Growing up in a black-majority country, I witnessed and experienced a lot of this as a child. In a way I did identify as white: all the books I read had exclusively white characters, I knew English and American white culture as well as my own (because of books and movies, which were all about whites), the schools I went to were always majority white private schools (my parents' choice) and I always "felt" I was the same as my white friends, no different at all except for the fact that I carried around a deep sense of inferiority. Because my skin colour still identified me as "other", and I was made acutely aware of this.

In the end you cannot identify into more privilege. That has to be granted you by the privileged group, and that hasn't happened. White is still the privileged group, even 60 years after civil rights struggles.

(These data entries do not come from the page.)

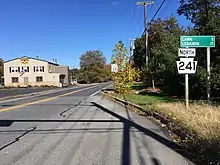 When routes were legislated in Pennsylvania in 1911, the current routing of PA 241 was designated as part of Legislative Route 280, which continued southeast from Bainbridge to Columbia.[5] By 1926, the roadway between Elizabethtown and Lebanon was paved while the road southwest from Elizabethtown to Bainbridge was unpaved.[6] PA 241 was designated in 1928 to run from PA 441 in Marietta north to PA 72 in Lebanon. The route followed Maytown Road north to Maytown, Stackstown Road west to Bainbridge, and PA 441 northwest before it continued northeast along its current alignment to Lebanon and north along Quentin Road to end at PA 72 at Cornwall Road. The entire length of route was paved by 1930.[7][8] In the 1930s, the southern terminus of PA 241 was cut back to PA 340 (now PA 743) in Maytown, with PA 340 replacing the route between Marietta and Maytown.[9] The northern terminus was moved to its current location in the 1950s following the rerouting of PA 72 to Quentin Road.[10][11] The southern terminus of the route was cut back to its current location at PA 441 near Bainbridge in 1961.[12] On June 28, 2021, construction began on a roundabout at Rocherty Road in North Cornwall Township.[13] Construction of the roundabout, which cost $3.4 million, was completed in October 2021.[14]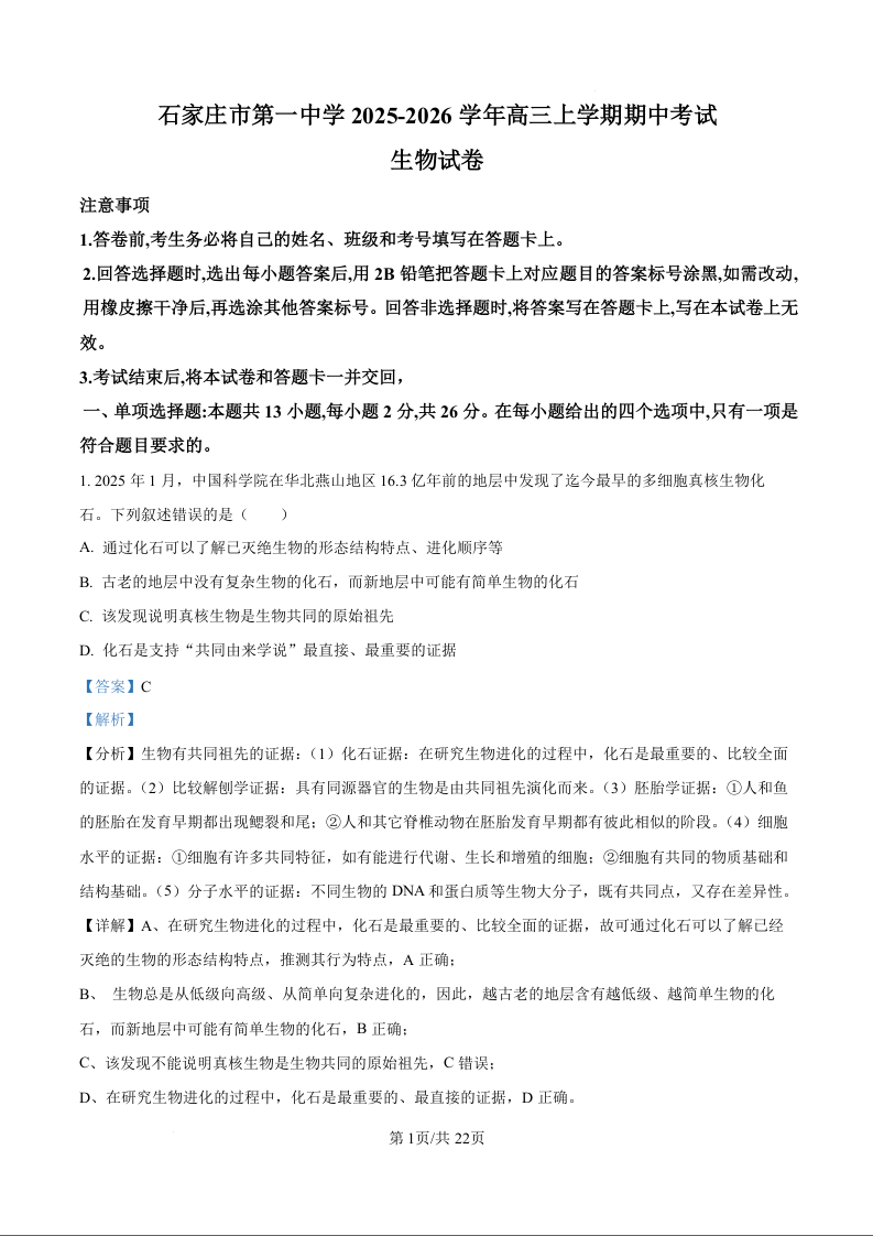 石家庄市第一中学2025-2026学年高三上学期期中考试 生物答案.docx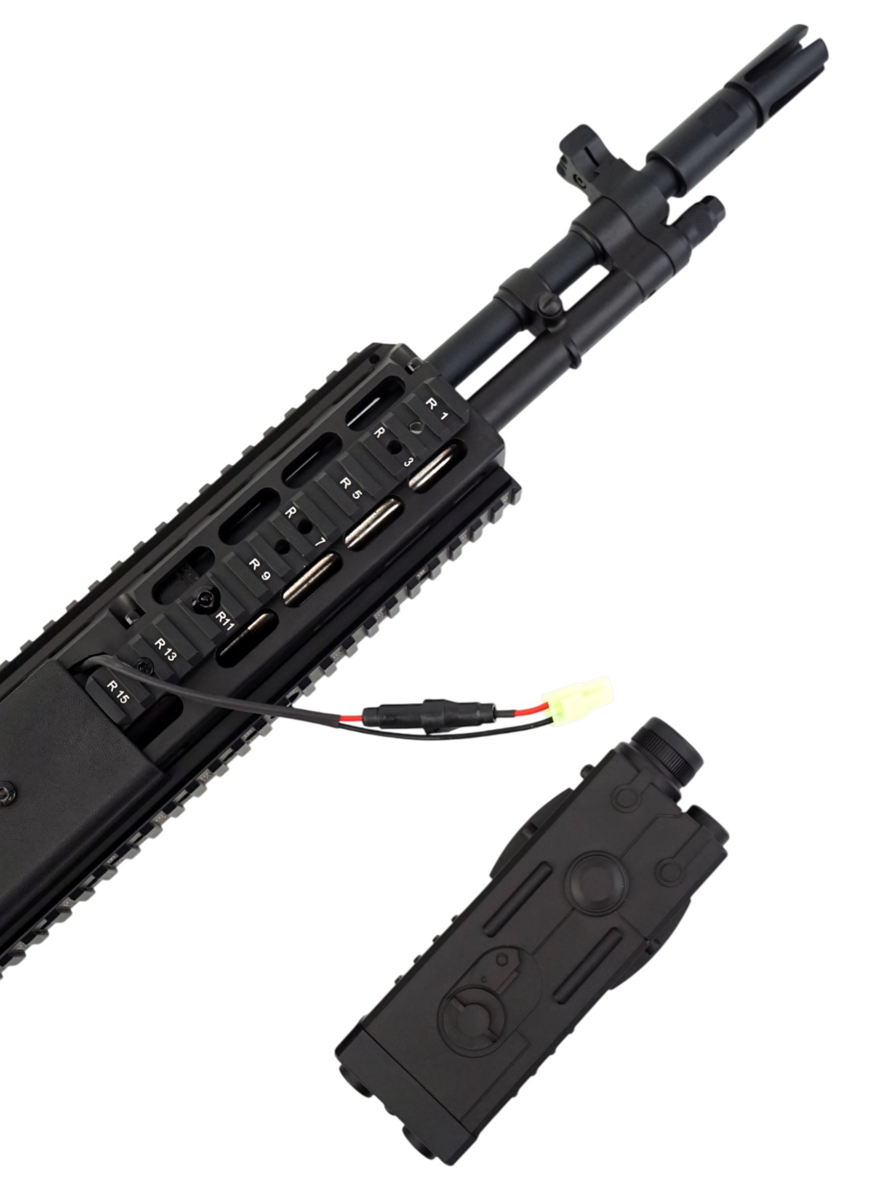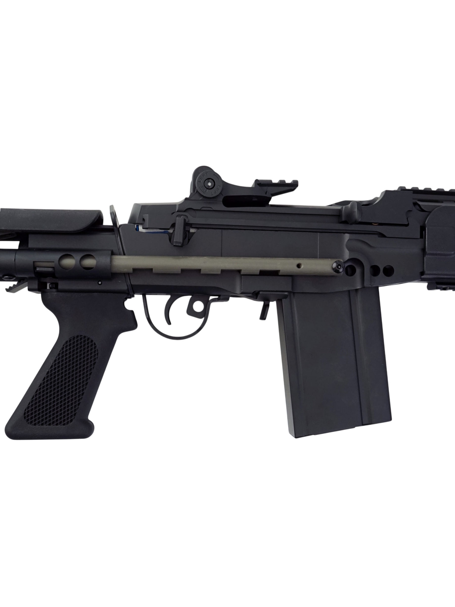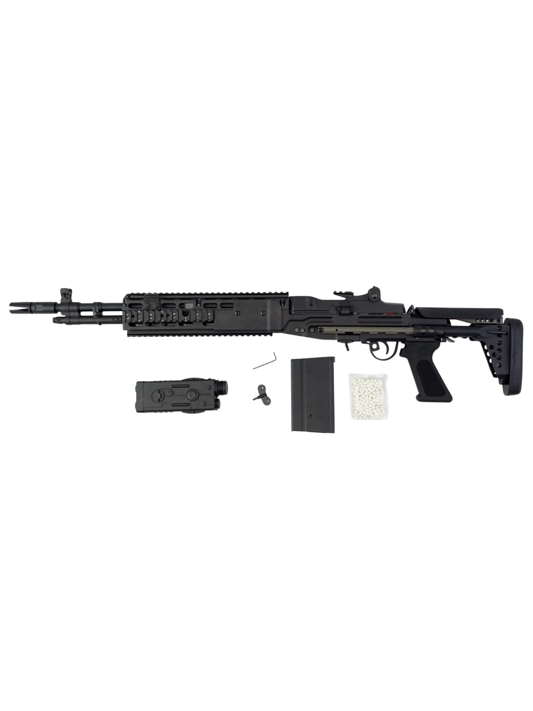 Снайперская винтовка Cyma M14 (CM.032G BK) – это электромеханическая пневматическая модификация, разработанная на базе штурмовой автоматической винтовки М14. Электрический мотор винтовки питается от аккумулятора NiMH-типа 8,4 V емкостью 1100mAh. В конструкции используется современный гирбокс 7-го поколения, внутри которого создается давление воздуха, необходимое для полета боеприпасов.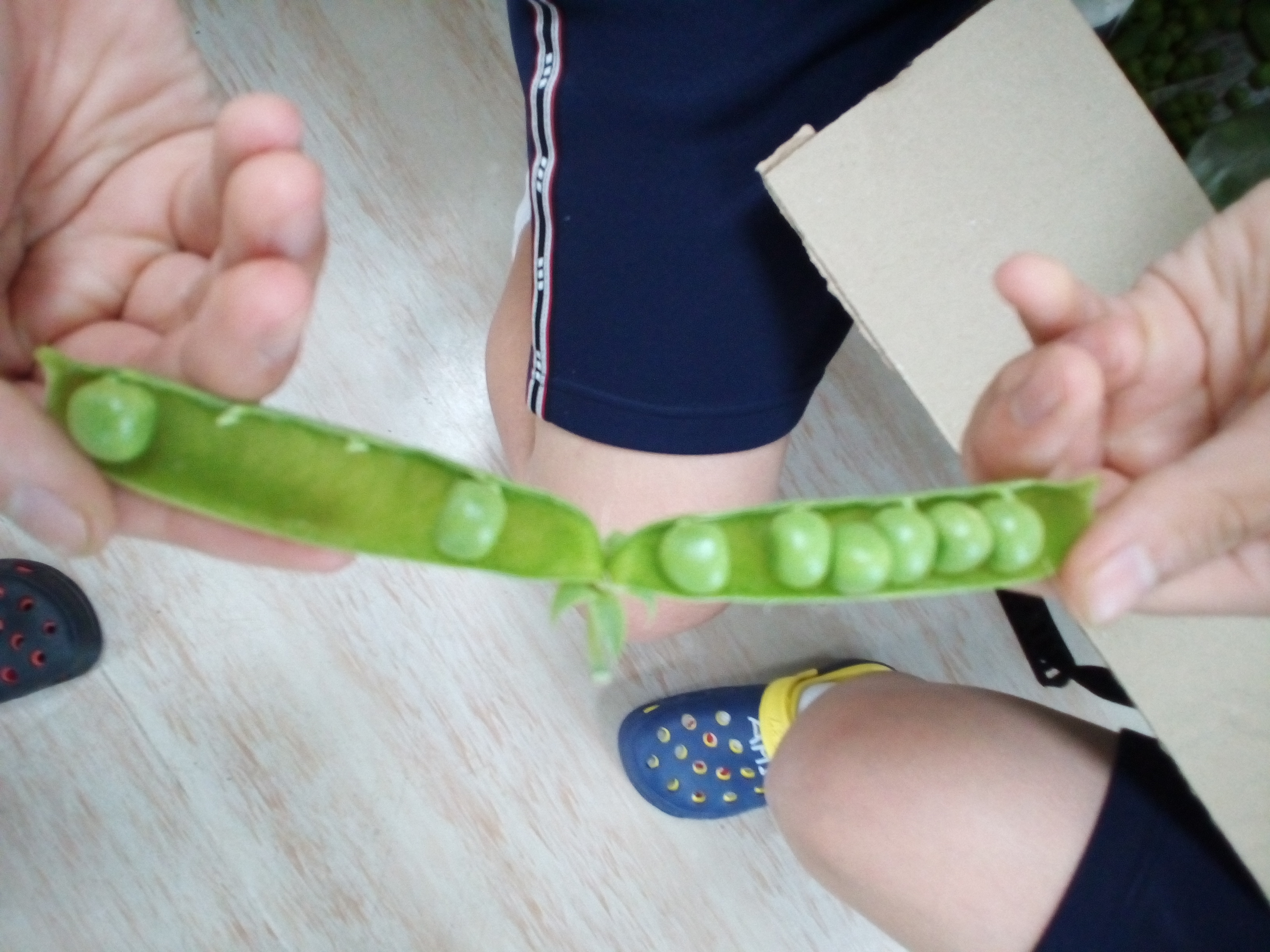 箱いっぱいのグリーンピースは、女の子達がさやから取るのを

Lamahaha · 19/07/2020 14:19

I haven't read the full article yet but the bit about the doctor 'announcing the gender' but not the race of a newborn made my jaw drop.

Even if doctors/midwives stopped "announcing" the sex gender of a baby, the parents would soon know!!! We all have eyes. We don't really need this announcement -- just that is it's an exciting surprise, or used to be, unlike race.

The "one-drop" rule that could destroy a person's life is nicely portrayed in the 1957 film Island in the Sun. It has several big names: James Dean, Harry Belafonte, Joan Rivers, Dorothy Dandridge. And Harry B. is always good to see and listen to! You couldn't make this movie these days.

On Youtube:

Lamahaha · 19/07/2020 14:20

^ Sorry, not James Dean, James Mason.